Retail sales figures for December showed a relatively strong trend in 4Q17, although part of that reflects a rebound from hurricane effects in 3Q17. Core CPI inflation was a bit higher than anticipated in December, but that doesn’t mean that the low inflation trend is over. However, eighteen states raised their minimum wages in January, and some expect this to flow through to higher prices. Perhaps. The market odds of a March rate hike by the Fed are rising (over 80% on Friday), but stock market investors are not too concerned. If the Fed is raising rates because the economy is strengthening, well, that’s a good thing. But what if that’s a mistake?
Retail sales exhibited a weakening trend through the first eight months of 2017 – not a sharp drop, more of a gentle slowing. Results for the final four months of the year were much stronger. This raises a number of possibilities. Consumer spending growth is often uneven across months and quarters. So, the 2017 pattern could simply be the normal variation around a moderate trend. We know that no matter their personal financial situation, consumers will spend during the holiday season. On the other hand, the consumer could be really picking up steam at this point, reflecting increased confidence about their ability to find jobs. Job growth, while expected to slow somewhat, has been supportive, but inflation-adjusted growth in average wages has been lackluster.

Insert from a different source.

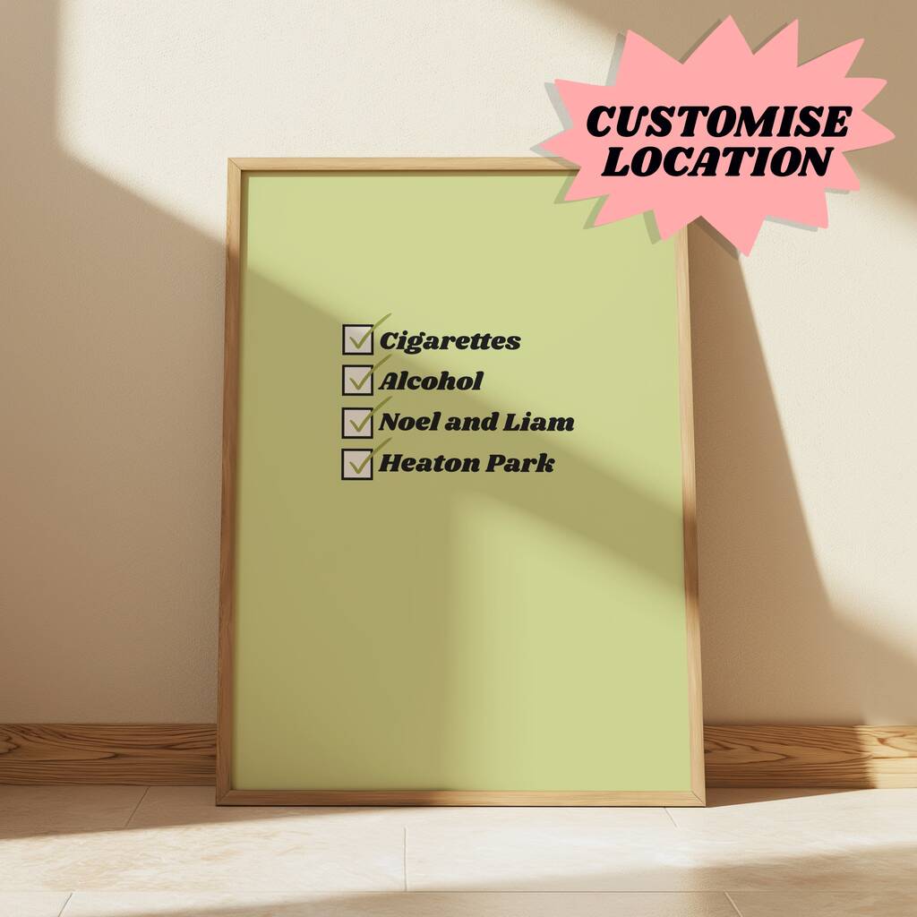 This Oasis Cigarettes & Alcohol print is perfect for any Oasis fans that we're lucky enough to attend one of their shows.

On the inflation front, the CPI rose 2.1% December to December, up 1.8% excluding food and energy. The core CPI increase is not far from the Fed’s 2% goal, but remember that the Fed’s gauge is the PCE Price Index, which is tracking 0.4 to 0.5 percentage point below the CPI year-over-year. The Producer Price Index showed some pipeline pressures in 2017, but we don’t see this as feeding through to the consumer. In fact, the CPI has continued to reflect a deflationary trend in consumer goods ex- food & energy.
More importantly, the labor market is the widest channel for inflation pressure. We should see a pickup in average hourly earnings growth in January (to be reported in the February 2 employment report, which will include annual benchmark revisions). If not offset by faster productivity growth, wage increases could be passed along to consumer prices, but there’s no guarantee that will happen.
Up until now, Fed rate increases have been about “taking the foot off the gas pedal,” not “hitting the brakes.” Monetary policy is close to neutral and the labor market is at or near full employment. There’s a good argument for the Fed to hold its fire, to facilitate a reallocation of labor toward its more efficient use. There may be more slack in the job market than we think there is. Raising rates to curb wage growth, as a means to contain consumer price inflation, could be a mistake. Conversely, the cost of waiting too long to tighten is potentially destabilizing rate increases later on, especially if accommodative policy fuels a financial bubble over the intermediate period. This is the dilemma Fed policymakers face in 2018.